# Catalogue Fitting

Synference has a method specifically for fitting catalogues of sources - `fit_catalogue`.

This is designed to be a flexible and fast way to fit your full catalogue.

It can handle:
1. Transforming observations to match the expected model features.
2. Prior predictive checks/outlier detection to remove sources that are unlikely to be well modelled.
3. Optional imputation of missing data.
4. Rapid posterior inference using trained model.
5. Optional SED recovery (see [this notebook](sed_recovery.ipynb) for more details).
6. Returning structured results.

In [None]:
import os

import numpy as np
from IPython.display import display
from synthesizer import get_grids_dir
from unyt import Jy

from synference import SBI_Fitter, load_unc_model_from_hdf5, test_data_dir

print(get_grids_dir())

available_grids = os.listdir(get_grids_dir())
if "test_grid.hdf5" not in available_grids:
    cmd = f"synthesizer-download --test-grids --destination {get_grids_dir()}"
    os.system(cmd)

library_path = os.path.join(get_grids_dir(), "test_grid.hdf5")

In [None]:
?SBI_Fitter.fit_catalogue

We'll use a subset of the JADES spectroscopic catalogue used in the synference paper for this example.

In [None]:
from astropy.table import Table

cat = Table.read(f"{test_data_dir}/jades_spec_catalogue_subset.fits")

The first step is the same as our SED recovery example - we will load our trained model and the noise model used to train the model.
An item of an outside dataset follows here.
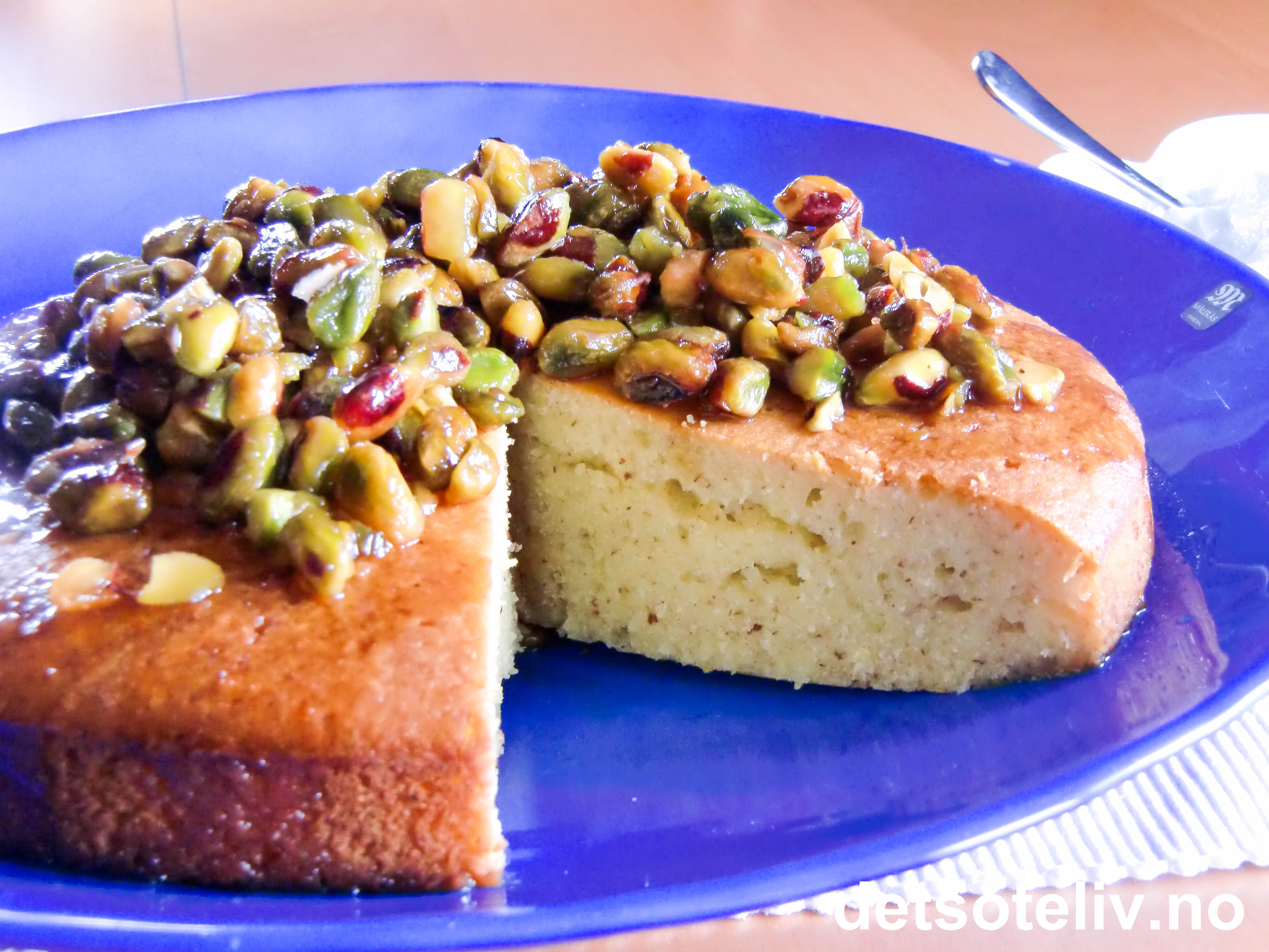 Her har du en kake som kommer fra herlige Hellas! Jeg elsker å befinne meg på en gresk øy, tusle rundt i smågatene og nyte synet av de kritthvite og blå husene med store, overfylte blomsterkasser foran. Så vakker og koselig atmosfære! Hellas har utrolig mye god mat å by på. Og ikke minst vidunderlige kaker! Denne oppskriften kommer fra Jamie Oliver og gir FANTASTISK kake med typisk gresk stil! Kaken inneholder gresk yoghurt, som er mye tykkere enn den norske yoghurten. I tillegg inneholder den ingredienser som semulegryn, olivenolje, flytende honning, mandler og masse pistasjnøtter. Hele kaken gjennomtrekkes av en skjønn sitrussaus. En symfoni av herlige smaker!

We need the noise model to transform our observations to match the model features.

In [None]:
library_path = (
    f"{test_data_dir}/grid_BPASS_Chab_DenseBasis_SFH_0.01_z_14_logN_2.7_Calzetti_v3_multinode.hdf5"  # noqa: E501
)

fitter = SBI_Fitter.load_saved_model(
    model_file=f"{test_data_dir}", library_path=library_path, device="cpu"
)

nm_path = f"{test_data_dir}/BPASS_DenseBasis_v4_final_nsf_0_params_empirical_noise_models.h5"
noise_models = load_unc_model_from_hdf5(nm_path)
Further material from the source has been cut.